Faktanya, tidak butuh waktu lama setelah Vance diumumkan sebagai cawapres Trump di berbagai media untuk menggali pernyataan tidak menyenangkan yang dilontarkan senator Ohio itu tentang dirinya.

Mudah juga untuk mengingat bagaimana, pada tahun 2016, kandidat Trump dan timnya mendorong penutupan dokumen kampanye Clinton yang diperoleh WikiLeaks dari peretas. Ini menyebar luas: sebuah artikel BBC menjanjikan “18 wahyu dari email Wikileaks yang diretas tentang Clinton,” dan Vox bahkan menulis tentang saran Podesta untuk membuat risotto yang luar biasa.

Brian Fallon, yang saat itu menjabat sebagai juru bicara kampanye Clinton, mencatat betapa mengejutkannya kekhawatiran tentang peretasan Rusia dengan cepat digantikan oleh ketertarikan terhadap apa yang terungkap. “Seperti yang diinginkan Rusia,” katanya.

Berbeda dengan tahun ini, materi WikiLeaks telah dimasukkan ke dalam domain publik, sehingga meningkatkan tekanan pada organisasi berita untuk mempublikasikannya. Hal ini menghasilkan beberapa keputusan yang buruk: Dalam beberapa kasus, media salah mengartikan beberapa materi sebagai hal yang lebih merugikan Clinton daripada yang sebenarnya, kata Kathleen Hall Jamieson, seorang profesor komunikasi di University of Pennsylvania dan penulis “Cyberwar”. buku peretasan tahun 2016.

Tahun ini, Jamieson yakin organisasi berita telah mengambil keputusan yang tepat untuk tidak mempublikasikan rincian materi kampanye Trump karena mereka tidak yakin sumbernya.

“Bagaimana Anda tahu bahwa Anda tidak dimanipulasi oleh tim kampanye Trump?” kata Jamieson.
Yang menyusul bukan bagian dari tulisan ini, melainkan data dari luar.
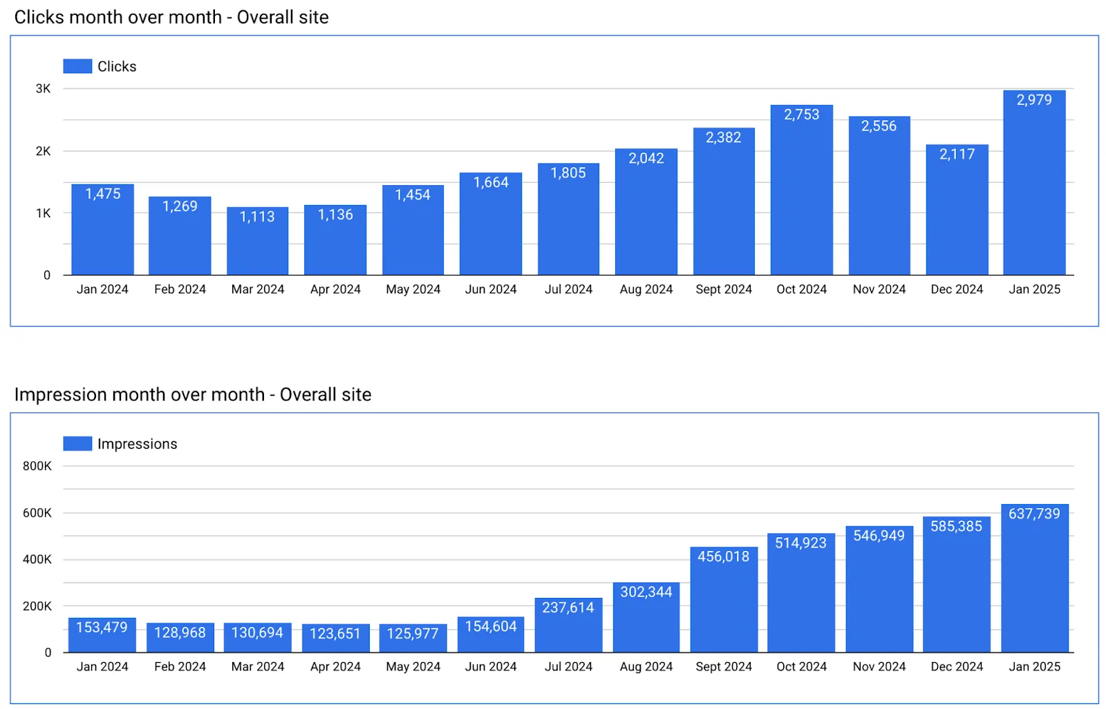 Monthly clicks increased from 1,300 to 8,000 (over 500% growth)

Dia konservatif dalam menerbitkan keputusan “karena kita berada di era informasi yang salah,” katanya.

Thomas Rid, direktur Alperovitch Institute for Cybersecurity Studies di Johns Hopkins, juga yakin bahwa organisasi berita telah mengambil keputusan yang tepat, namun karena alasan yang berbeda. Dia mengatakan tampaknya upaya agen asing untuk mempengaruhi kampanye presiden tahun 2024 lebih layak diberitakan dibandingkan materi yang dibocorkan itu sendiri.
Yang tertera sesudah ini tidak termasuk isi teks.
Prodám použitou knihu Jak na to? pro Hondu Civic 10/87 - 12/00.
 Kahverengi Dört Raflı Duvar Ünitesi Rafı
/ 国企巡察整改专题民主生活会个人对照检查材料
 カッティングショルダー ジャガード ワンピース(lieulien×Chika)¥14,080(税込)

Namun seorang jurnalis terkemuka, Jesse Eisinger, reporter senior dan editor di ProPublica, berpendapat bahwa media seharusnya bisa mengatakan lebih dari yang seharusnya. Meskipun benar bahwa pernyataan Vance di masa lalu tentang Trump dapat dengan mudah diketahui publik, dokumen audit tersebut bisa saja menunjukkan pernyataan mana yang paling relevan dengan kampanyenya atau mengungkapkan hal-hal yang tidak diketahui wartawan.

Setelah dipastikan bahwa bahan tersebut akurat, pembaharuan bahan tersebut menjadi pertimbangan yang lebih penting dibandingkan sumbernya, katanya.

“Saya rasa mereka tidak menanganinya dengan benar,” kata Eisinger. “Saya pikir mereka terlalu banyak mengambil pelajaran dari tahun 2016.”